I deliberately chose to keep our original list fixed, so when you see us talk about “the best model or tool,” it’s more than likely that it’s been surpassed since then (especially when it comes to AI image and video models).
Enjoy!
The avalanche of AI advances is enough to give anyone whiplash.
New models, features, and tools are launched daily.
It’s impossible to keep track of it all.
So to help you get your bearings, we put together this list of all the noteworthy launches of early 2025, split into the following categories:
Chatbots & traditional LLMs
Reasoning models
Research tools
Coding
Browser agents
Image generation
Video generation
Music creation
Voice
3D generation
Note that this list includes only tools and models that either first came out or received major features/upgrades in 2025.
Let’s dive in!
🗣️ 1. Chatbots & traditional LLMs
2025 is the year of reasoning models that work methodically through tasks and display their thinking process. But that’s not to say that regular conversational models are standing still.
Best overall: GPT‑4.1 (OpenAI)
GPT-4.1 is strictly a better version of the default GPT-4o model in ChatGPT.
It’s the smartest non-reasoning model and a decent coder with access to all ChatGPT tools, including Canvas, image generation, file and photo analysis, etc.

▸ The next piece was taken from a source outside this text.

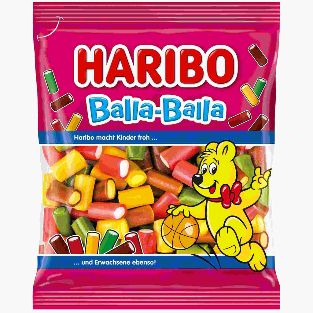 Haribo Balla Balla sind leckere Konfektstücke mit einer Ummantelung von buntem Fruchtgummi. Das weiche Konfekt schmeckt aromatisch und fruchtig und ist ein Muss für jeden Konfekt-Fan. Die Stückchen sind übrigens ca. 2,5cm groß und ein echter Augenschmaus.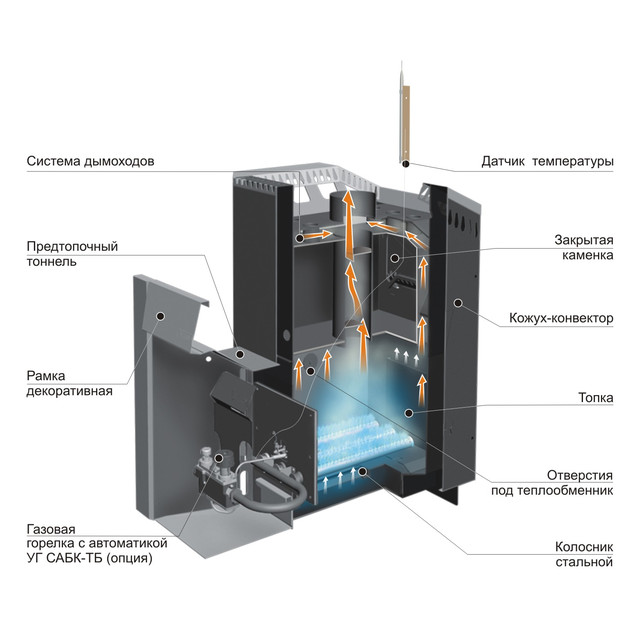 Печь обладает специальной конструкцией топки и организацией дымоходных каналов для максимальной эффективности для работы на газе. Сводом топки служит усиленное дно каменки с увеличенной толщиной металла. Внутренняя каменка приближена к месту горения газовой горелки для наибольшего эффекта нагрева. За счет этого увеличился объем закрытой каменки.

GPT-4.1 also has a 1-million-token context window, making it great for analyzing long documents or handling multiturn chats.
All the rest
Duck.ai (DuckDuckGo): a privacy-focused chat interface that gives you free access to six smaller models from third-party providers. No login or account required.

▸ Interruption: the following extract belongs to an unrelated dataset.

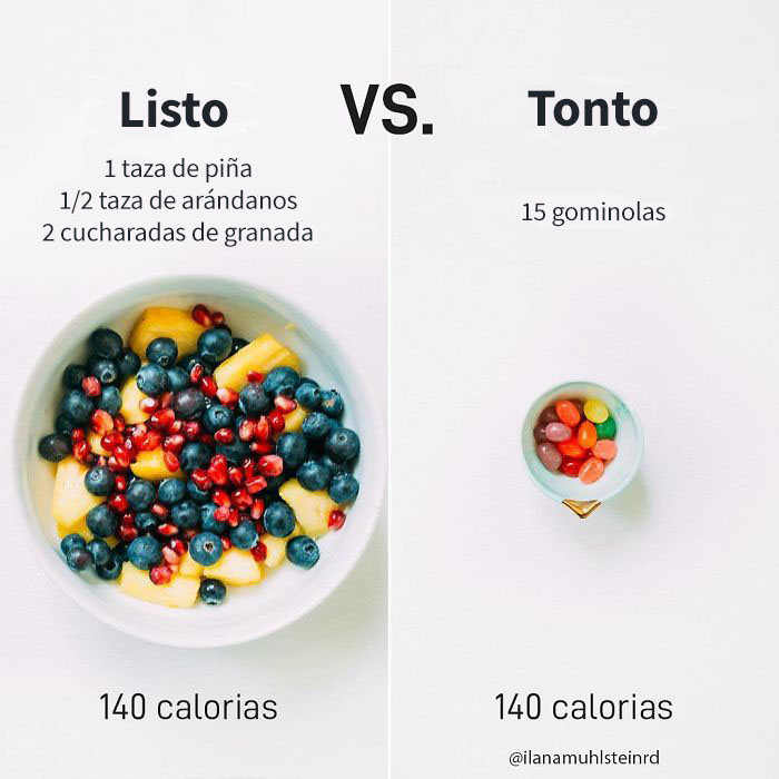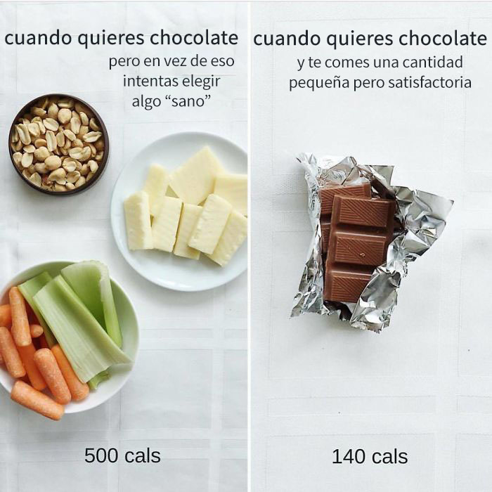 «Estos cambios no solo salvarán tu cintura, también tu salud,» escribe. Amanda nos anima a pensarlo y organizarnos. En vez de patatas fritas, probar con palomitas. Beber café negro en vez de lattes azucarados. Chocolate negro en vez de con leche. Preparar las comidas con antelación en vez de comer tentempiés a falta de otra cosa. Todo muy básico.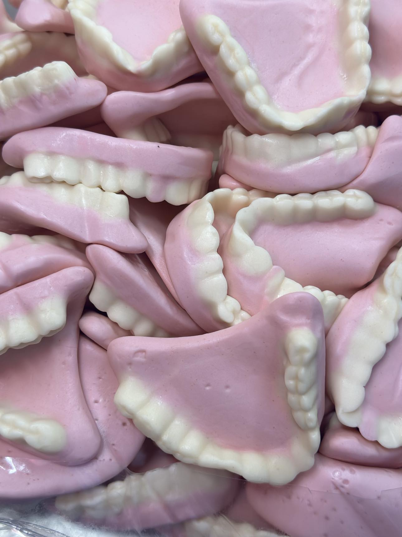150G - The Kingsway Dentures are an exhilarating treat, resembling a realistic set of teeth! They boast a delightful strawberry and cream taste.

ERNIE 4.5 (Baidu): advanced, low-cost Chinese-English bilingual model with strong reasoning capabilities.
Gemma 3 (Google): a lightweight, open model family that can run on smaller devices, including smartphones.

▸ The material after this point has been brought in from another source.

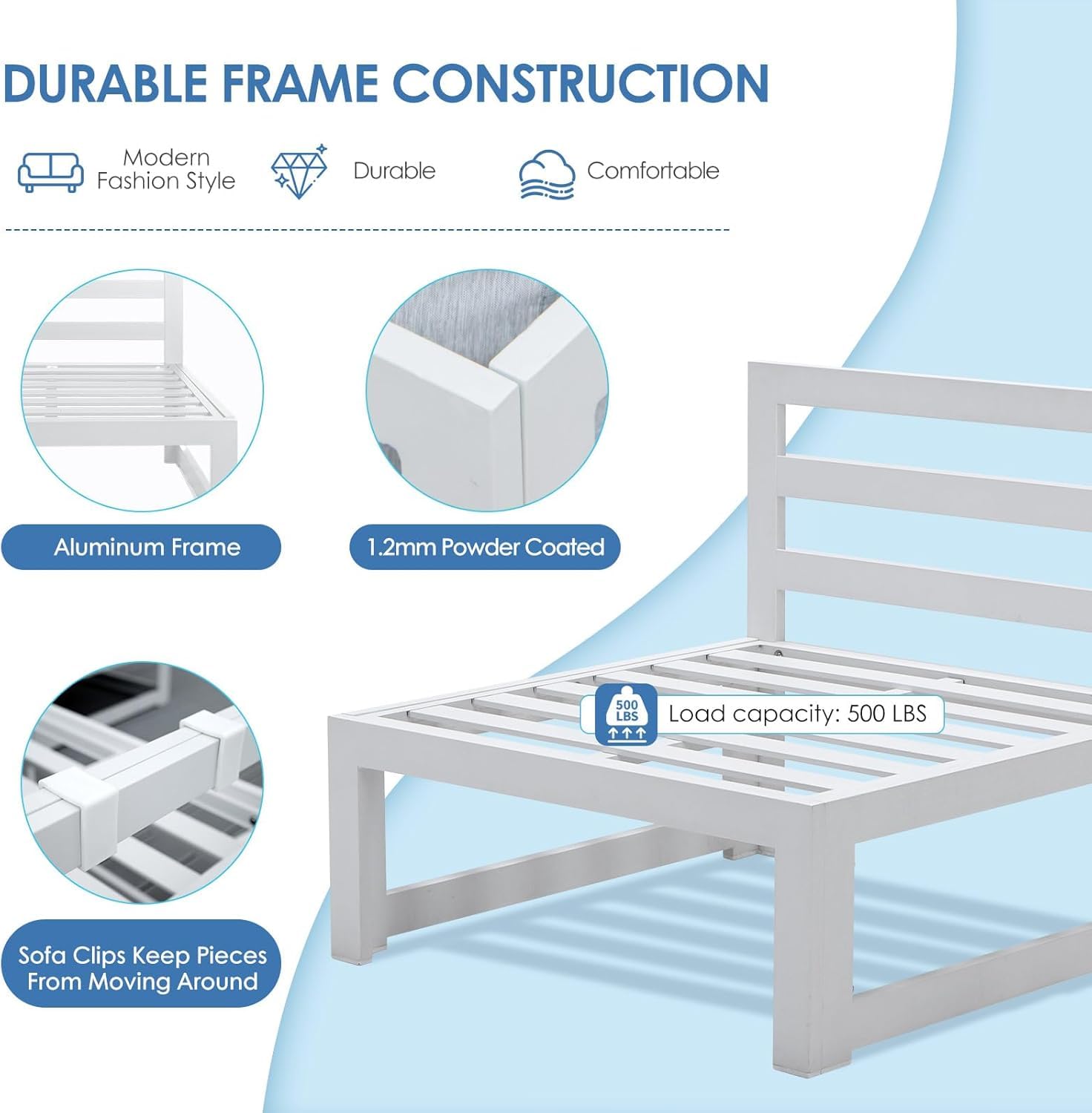- Easy to Assemble & Effective Support: Our outdoor aluminum sofa is easy to assemble, with each seat typically taking just 15-20 minutes; To ensure a smooth assembly process, we provide a comprehensive installation manual, helpful video guides, and all necessary accessories; Plus, the whole set is under a one-year manufacturer's warranty, and don't worry, we are dedicated to providing exceptional professional customer support with timely assistance if any questions or assistance needed

Llama 4 (Meta): a family of open-weight models with native multimodal understanding.
Mistral Medium 3 (Mistral AI): low-latency, low-cost SOTA model for enterprise deployment.
Mistral Small 3.1 (Mistral AI): a fast, multimodal, multilingual open-source model with function calling.
What launched since our article:
Apertus (EPFL & ETH Zurich)
DeepSeek V3.2-Exp (DeepSeek)
Gemma 3 270M (Google)
Gemma 3n (Google)
Hunyuan-MT-7B (Tencent)
LFM2-VL (Liquid)
Lumo (Proton)
MAI-1-preview (Microsoft)
Mistral Medium 3.1 (Mistral)
Mu (Microsoft)
🧠 2. Reasoning models
Reasoning is no longer a novelty—every flagship launch ships chain-of-thought, tool use, and multi-step planning. Benchmarks are now neck-and-neck, but a few models still separate themselves on overall accuracy, latency, and price.
Top pick: o3/o3-pro (OpenAI)
o3-pro sits at (or tied for) the #1 intelligence slot on the latest Artificial Analysis leaderboard, with a max “Intelligence Index” score of 71 and a 128 k-token context window—plenty for day-long chats or document analysis.
But given that it’s only available on the ChatGPT Pro plan, o3 is nearly as good in most situations, and has the ability to leverage tools like web search and deep research. Indeed, while other models may have larger context windows, o3’s tight ChatGPT integration makes it the top pick here.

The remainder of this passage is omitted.